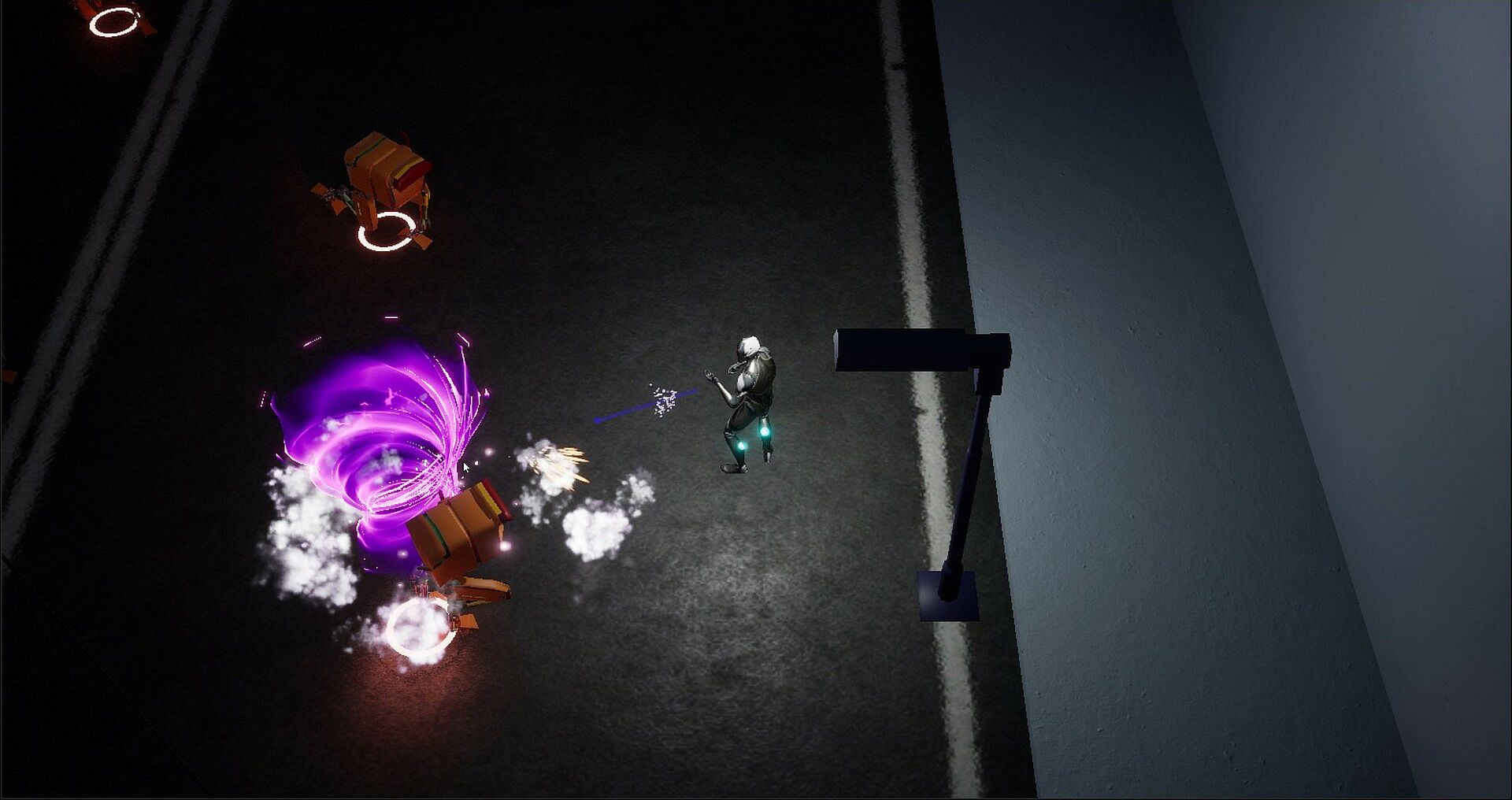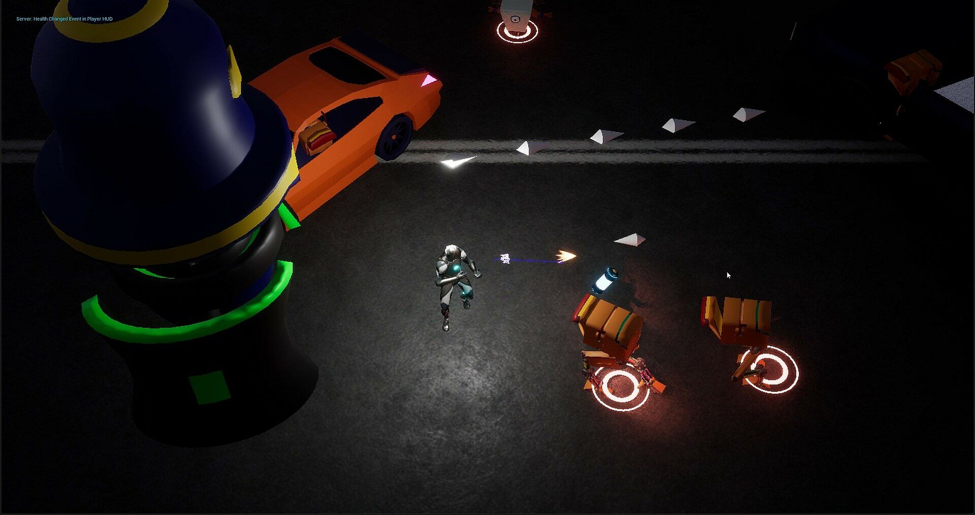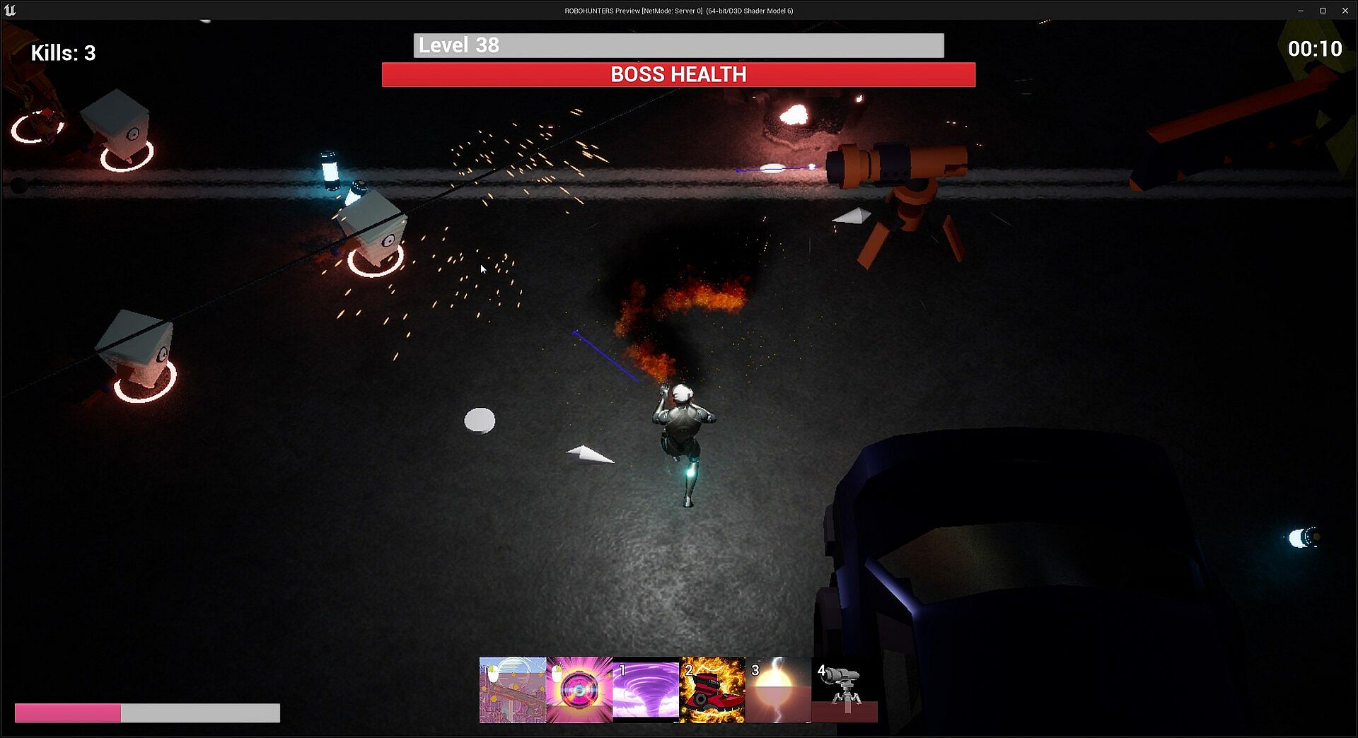 Project lead, core gameplay, enemy and boss AI, player movement, main gameplay UI elements, main menu, health system, sounds (abilities cooldown and laser), particle effect for plasma rifle, turrets, main enemy spawner, enemy damage, trash robot animations and integration, experience pickup model and emissive shader, player level and skill selection, concept art, styled menus, night map, visual effects and sound effects for abilities and environment, gameplay balancing, additional sound cues, level design (including lighting and environment decoration), assorted bug fixes
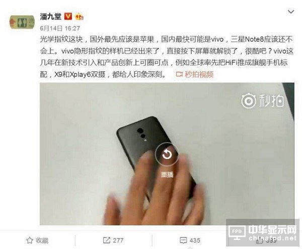 具體配置目前并未清楚,但就不久前博友潘九堂上傳微博的一則短視頻爆料,VIVO隱形指紋技術的樣機已出,直接按下屏幕就能解鎖了!這樣一來不難理解VIVO X11極有可能配備這一項黑科技!
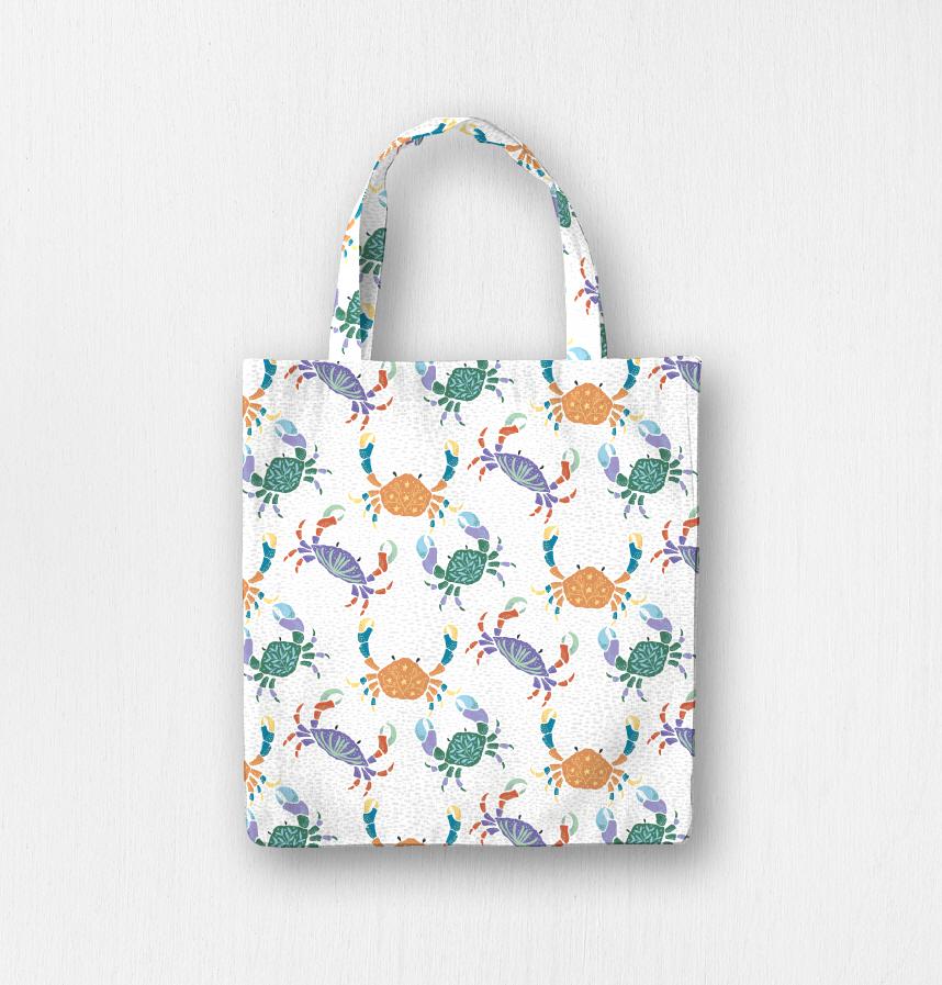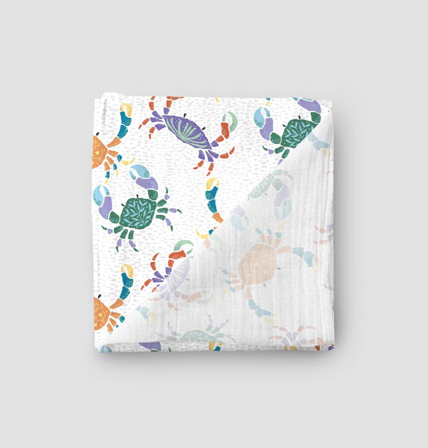 パターン説明 砂の中で遊ぶカラフルなカニたち。ブルー系とレッド系の2色展開です。

_YOUR TASK_. Print every line above exactly. Leave the pictures out.

_EXERCISE ANSWER_.
 Project lead, core gameplay, enemy and boss AI, player movement, main gameplay UI elements, main menu, health system, sounds (abilities cooldown and laser), particle effect for plasma rifle, turrets, main enemy spawner, enemy damage, trash robot animations and integration, experience pickup model and emissive shader, player level and skill selection, concept art, styled menus, night map, visual effects and sound effects for abilities and environment, gameplay balancing, additional sound cues, level design (including lighting and environment decoration), assorted bug fixes
 具體配置目前并未清楚,但就不久前博友潘九堂上傳微博的一則短視頻爆料,VIVO隱形指紋技術的樣機已出,直接按下屏幕就能解鎖了!這樣一來不難理解VIVO X11極有可能配備這一項黑科技!
 パターン説明 砂の中で遊ぶカラフルなカニたち。ブルー系とレッド系の2色展開です。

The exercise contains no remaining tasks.